I think I have already answered this question. Just to reiterate: What you are saying is that there are 10 balls in a hat, 2 are red and 8 are black. In this case the probability to pull out a black ball is higher then to pull out a red ball. However the process of pulling balls out from this hat is still random.

Jerry030 · Mar 26, 2008

Quote from MAESTRO:

I see better now where you are coming from. As I said in my previous post, you are probably trying to state that the markets are not Normally distributed. This hypothesis gives you a method of shifting the win/loss ratio to your favor. That's totally understandable. I can even show you a very simple example how to construct a winning algorithm if you know the parameters of your " Stable Distribution". So, no arguments there. If you agree that the markets consist of multiple random processes with different types of distributions and those distributions are more or less stable then we are in agreement.

I make no assumption about the nature of the markets per se only that it is possible to correctly predict something about their future behavior, based on historical behavior with a level of accuracy that gives significant profit.

Perhaps we are saying the same thing, I don't know.

neke · Mar 26, 2008

Quote from Jerry030:

I make no assumption about the nature of the markets per se only that it is possible to correctly predict something about their future behavior, based on historical behavior with a level of accuracy that gives significant profit.
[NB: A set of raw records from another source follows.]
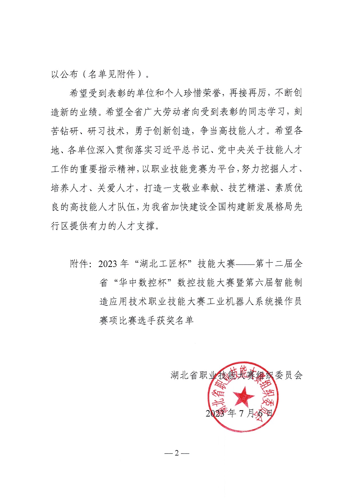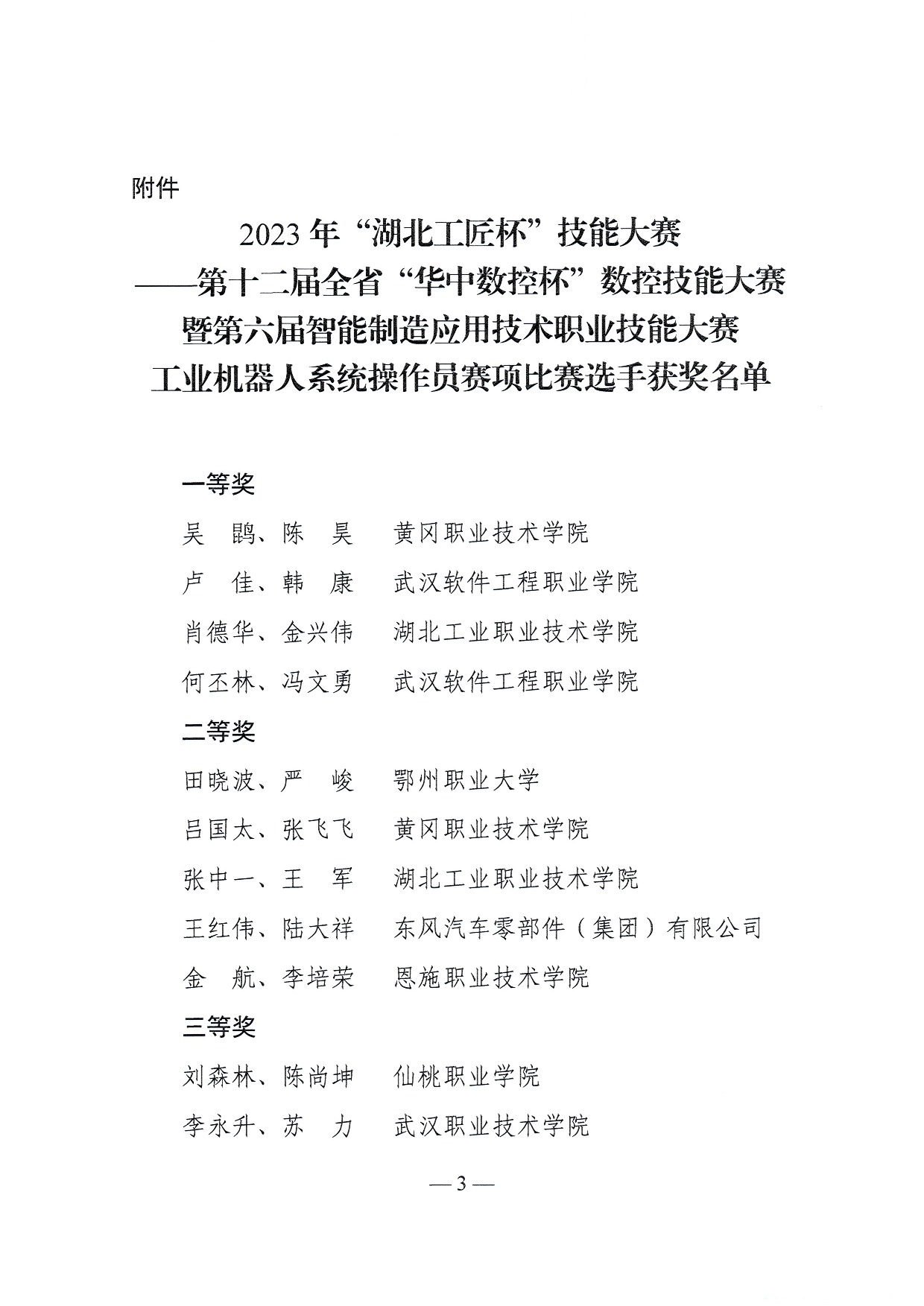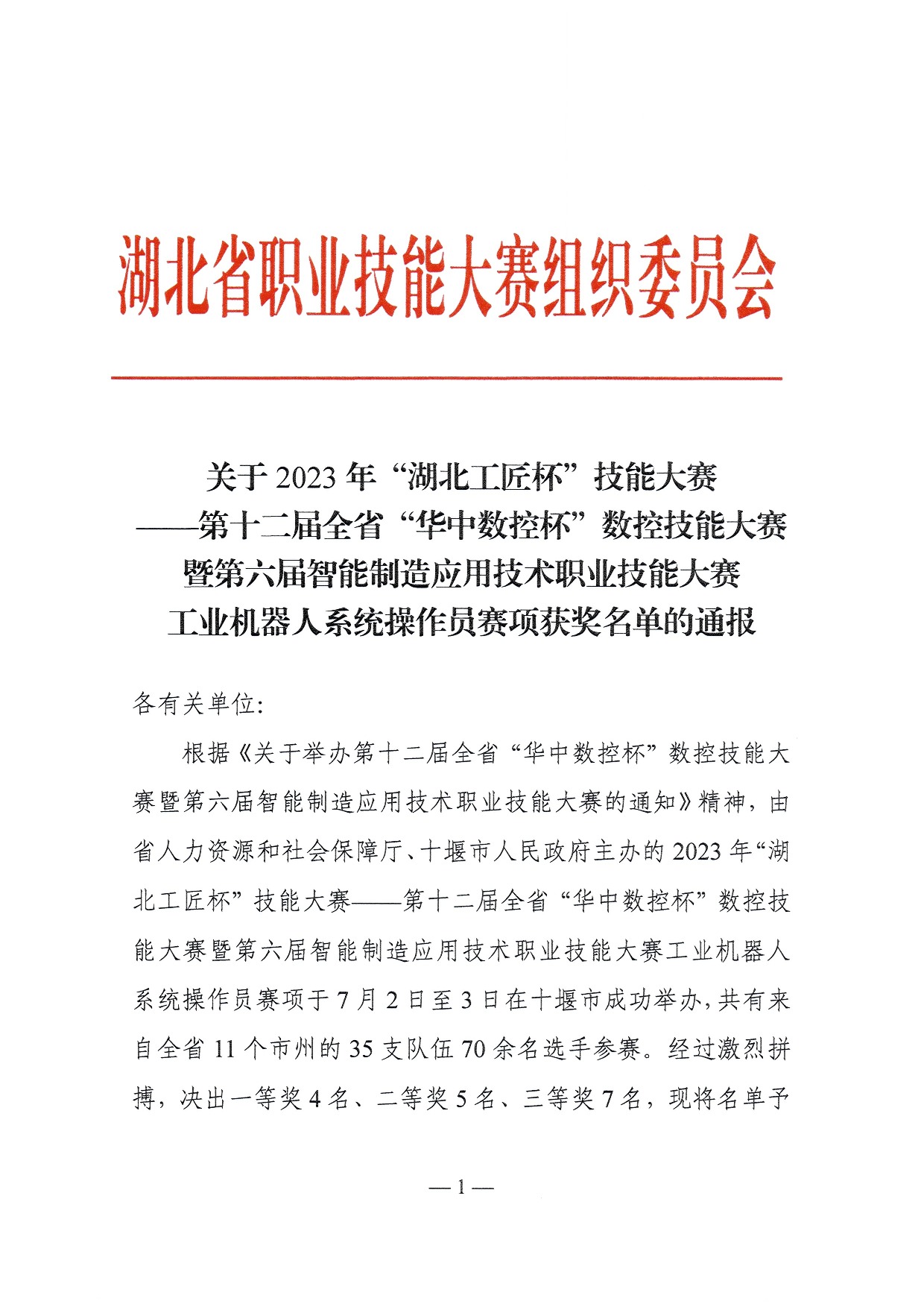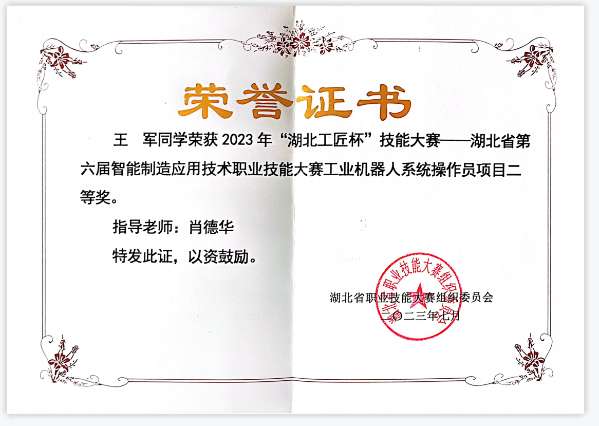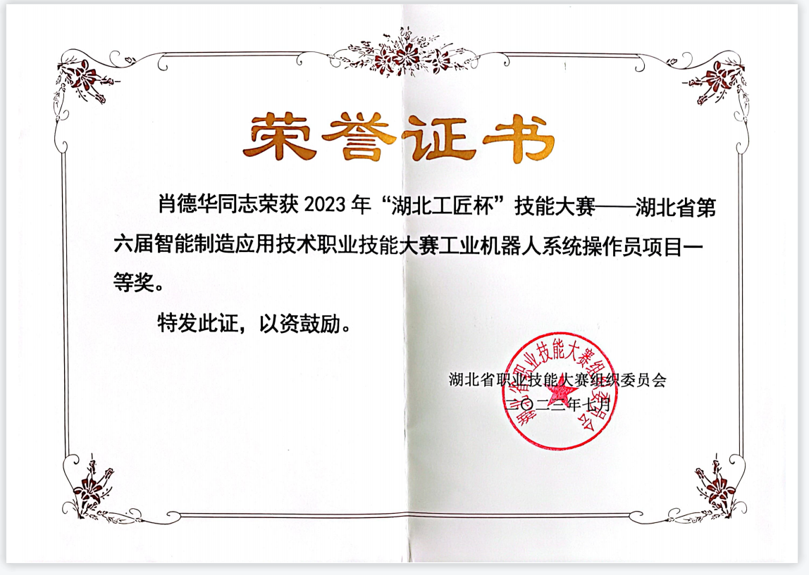 新闻网讯(通讯员薛嘉鑫)近日,从湖北省职业技能大赛组织委员会处获悉,欧冠投注官网入口肖德华、金兴伟两位老师获“2023年‘湖北工匠杯’技能大赛”工业机器人系统操作员赛项一等奖。
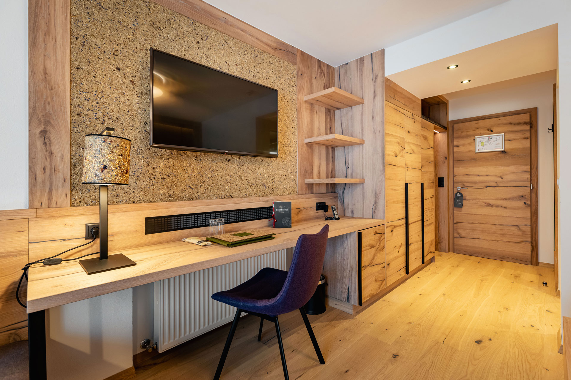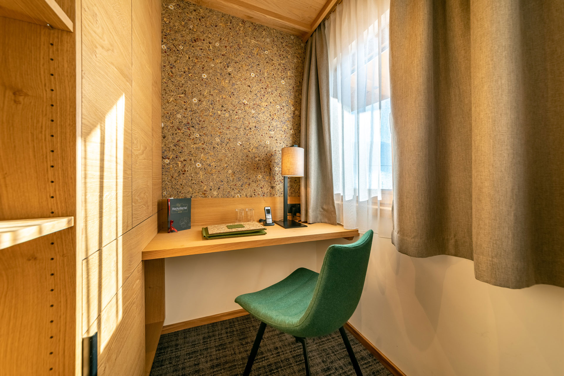 In der Rezeption findet sich ebenfalls die Naturoberfläche WILDSPITZE aus handgesenstem Almheu aus biologischer Landwirtschaft an den Wänden. So werden die Gäste gleich beim Betreten des Hotels mit einem zarten Kräuterduft begrüßt – ein echtes HOCHgefühl!
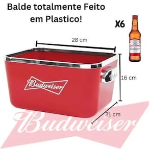 Quer servir suas bebidas com muito mais estilo? Chegou o balde de gelo para bebidas da Budweiser. Produto licenciado e feito de plástico resistente, sendo leve e prático para carrega-lo.
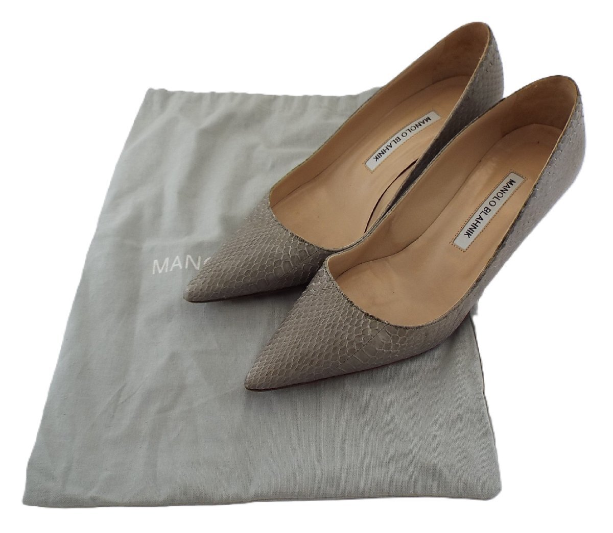 - T3949〇MANOLO BLAHNIK(マノロ ブラニク)パイソン ハイヒール パンプス ベージュ系 サイズ38.5

Perhaps we are saying the same thing, I don't know.

It would be sad if you happen to be saying the same thing after all this long debate. Have words lost their meaning?

Kevin Schmit · Mar 26, 2008

Quote from MAESTRO:

I can even show you a very simple example how to construct a winning algorithm if you know the parameters of your " Stable Distribution"

Ok, I have a Levy Stable Distribution of scale c, shift u, exponent a, and skew b. I can take an infinite number of random draws from that distribution to create simulated trading runs. Please show me a simple winning algorighm for trading those runs.

Jerry030 · Mar 26, 2008

Quote from neke:

It would be sad if you happen to be saying the same thing after all this long debate. Have words lost their meaning?

The debate has become tiring and unproductive so you look at the cost benefit ratio of words expended to your profit and make a decision.

My position is that the past can predict the future under certain conditions... if your want to say that is because you have an edge on the slant of the gaussain distribution multiplied by the alpha of the fizbit factor, fine with me.